Most relationships organized along marriage-of-opposites lines are deeply energized by each partner bringing certain emotional elements to the relationship that are lacking or diminished in the other partner. One especially important area where this takes place is sexuality. Generally, one in the relationship drives sexual activity more than the other, and often this pattern has been existent since the end of the marital honeymoon. Often up to the end of the marital honeymoon things are not so clear, but generally as the honeymoon stage comes to an end one or the other partner assumes a more primary sexual role.
There is great danger, and the prospects for marital healing dim, when the typically initiating partner looses sexual desire in the relationship. Certainly, all relationships suffer without the infusion of fresh feeling that can come along with an active sex life. More importantly, however, is the high likelihood that the sexually initiating partner who is no longer initiating is also beginning to disconnect and be only partially present in the marriage. When this loss of interest stretches into several months, depthful marital healing and working-through of marital disappointments becomes highly problematic. For this reason, it is crucial to engage this issue early in marital treatment, lest the marital work have no genuine chance of long-term success.

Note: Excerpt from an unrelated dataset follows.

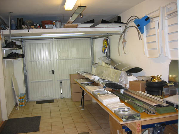 I stored everything but sheet metal and canopy on a shelf under the work
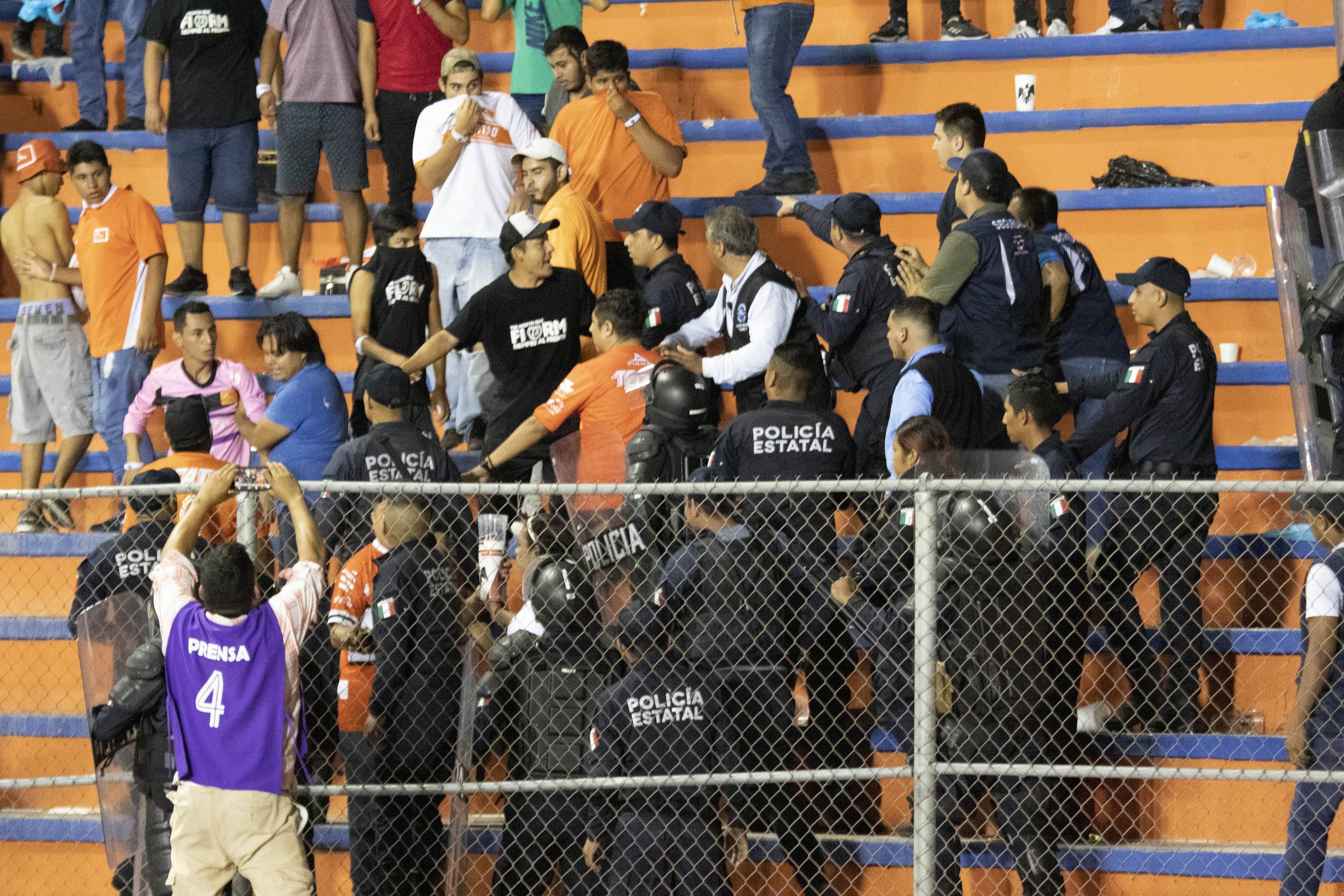 La afición se enojó aún más, luego de que la niña no recibió inmediatamente atención médica, por lo que arremetieron contra la policía en el Estadio Marte Gómez.

Of course, how to engage the loss of passionate interest is a multi-faceted challenge. Emphasis, however, must be focused on where in the history of the relationship the more sexual partner gave up on the other partner with a sense of defeat. At this point “huge effort” must be brought to bear to heal the recurrent disappointment between the two that led to this massive shutting down. Of course, other issues may have to be engaged before such focused work can begin. However, it is vitally important to engage this issue fairly early on in treatment, because to not do so is to attempt marital healing without the more passionate partner fully present/invested in the treatment. Such work seldom succeeds.
One of the things that I have noticed with my own increasing aging (soon to be sixty years), and have heard from some of my older patients, is that surprising memories come up from the past, of this or that person long forgotten, that are wonderful and cherished. Often these are fond remembrances that were not recognized as such during the moment or their happening; yet thirty or forty years latter they emerge, in some fashion, as important and valued. Why is this? My own thought about this is that as we move into latter life some of the outer-self attitudes (eg. status, recognition, attractiveness, accomplishment, winning/losing, etc) that we have long protected ourselves with, and aligned with, begin to fall away, and the inner thoughts and feelings that we have long not recognized begin to emerge. One of the really big defenses that many of us have used throughout our lives is the attitude of devaluing. It is this attitude, in particular, that begins to dissolve as we move through the latter third of our lives. The bonus is the bitter-sweet recognition that people along the way that we self-protectively devalued, were and are, in truth, precious to us. While these past relationships are often not fixable in our outer world, their reparation within our inner world is an unexpected bounty to our aging selves.
The problem with outer-styled organization is that this method of managing in life so effectively hides and shields against personal need/vulnerability that there is little inside to propel/motivate personal growth. The challenge for the therapist is to somehow penetrate the protections of an overused outer-self, in order to bring out more truly personal experience from within, but to do so in a way that “brings the patient along” rather than frighten/damage/or wound. This can only happen within a therapeutic atmosphere permeated by patience and support. Without patience/support and empathy for the underlying fear that often drives the outer-styled, the outer-styled will have nothing to hold onto during the moments of marital conflict, crisis and confrontation.
It is my experience that all individuals have, to varying degrees an empty place within. One of the most difficult things in marriage is the extent to which the relationship evokes “the empty” within each of the partners. In fact, assessing the degree to which this is the case in any given marriage is one way of describing the extent of the functionality of a marriage. Intervening with this process, and learning to come into a “mutual quality of presence” that counteracts it, is one of the central challenges, and most important goals of a healing marriage.
Of late, I am reminded that it is not only “what couples say to each other” but also “how they say it”, that determines the outcome of couple’s interaction. However, behind the “what” and the “how” are even the more important “inherent assumptions” that underly all verbal communication and interaction in marriage. When negative, “the mutual assumptive process” does more to undermine and destroy relationship than any other dimension in marriage.